▶ **WHAT NEEDS TO BE DONE**
Would you repeat word for word the lines of the listing that follows, from the one with "Rada: można przed" up to and including the one with "礼美达小狗新年生日礼物盒礼品礼物包装纸礼盒空盒子纸箱成人礼生日大号 拉菲草+粉色小狗包装纸 粉色贴贴小狗小号27*22*20", and leave out the images?

[[ GIVEN DATA open ]]

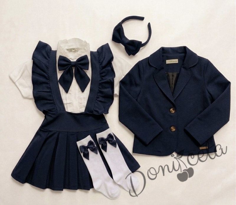 Комплект от 6 части сукман от трико Гери, сако в тъмносиньо, ризка в бяло с къс ръкав, чорапи с панделки, панделка в тъмносиньо за ризка и диадема
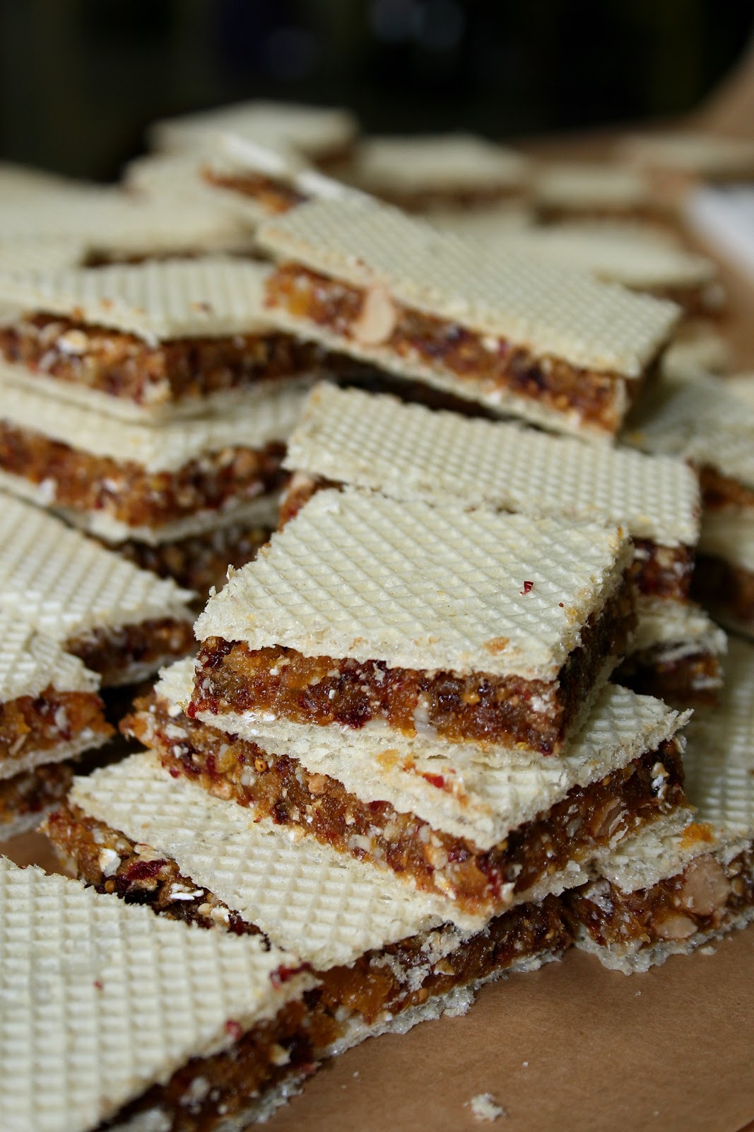 Rada: można przed przełożeniem masy, andruty posmarować cienko masłem orzechowym. Uzyskamy smak bardziej orzechowy z lekko słonym akcentem.
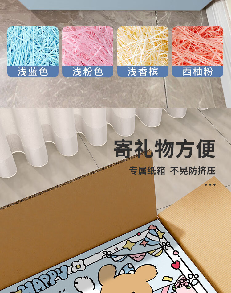 礼美达小狗新年生日礼物盒礼品礼物包装纸礼盒空盒子纸箱成人礼生日大号 拉菲草+粉色小狗包装纸 粉色贴贴小狗小号27*22*20
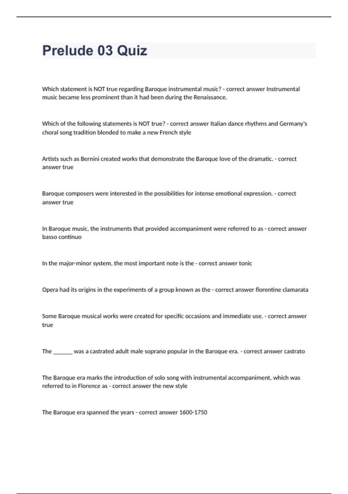 Prelude 03 Quiz Which statement is NOT true regarding Baroque instrumental music? - correct answer Instrumental music became less prominent than it had been during the Renaissance. Which of the following statements is NOT true? - correct answer Italian dance rhythms and Germany's choral song tradition blended to make a new French style Artists such as Bernini created works that demonstrate the Baroque love of the dramatic. - correct answer true Baroque composers were interested in the possibilities for intense emotional expression. - correct answer true In Baroque music, the instruments that provided accompaniment were referred to as - correct answer basso continuo In the major-minor system, the most important note is the - correct answer tonic Opera had its origins in the experiments of a group known as the - correct answer florentine clamarata Some Baroque musical works were created for specific occasions and immediate use. - correct answer true The ______ was a castrated adult male soprano popular in the Baroque era. - correct answer castrato The Baroque era marks the introduction of solo song with instrumental accompaniment, which was referred to in Florence as - correct answer the new style The Baroque era spanned the years - correct answer The Baroque era was characterized by peaceful relations between Protestants and Catholics. - correct answer false The term "baroque" derives from the Portuguese word for - correct answer misshapen The tuning system established in the Baroque that made it possible for instruments to play in any key is called - correct answer equal temperment What famous assertion by Louis XIV summed up a way of life in which all art and culture served the ruler? - correct answer I AM THE STATE What roles did women play in music during the Baroque era? - correct answer singers and composers Which French palace influenced the courts of other European rulers? - correct answer palace of versailles Which genres, filled with keen and witty observations on life, are associated with the middle classes? - correct answer comic opera and the novel Which of the following became a more popular texture during the early Baroque? - correct answer homophony Which of the following is a Baroque-era poetic epic? - correct answer miltons paradise lost Which of the following was NOT an historical event from the Baroque era? - correct answer invention of printing by johannes Which of the following was a hallmark of Baroque performance style? - correct answer increased improvisation

[[ GIVEN DATA closed ]]

▶ **RESPONSE BELOW**
 Rada: można przed przełożeniem masy, andruty posmarować cienko masłem orzechowym. Uzyskamy smak bardziej orzechowy z lekko słonym akcentem.
 礼美达小狗新年生日礼物盒礼品礼物包装纸礼盒空盒子纸箱成人礼生日大号 拉菲草+粉色小狗包装纸 粉色贴贴小狗小号27*22*20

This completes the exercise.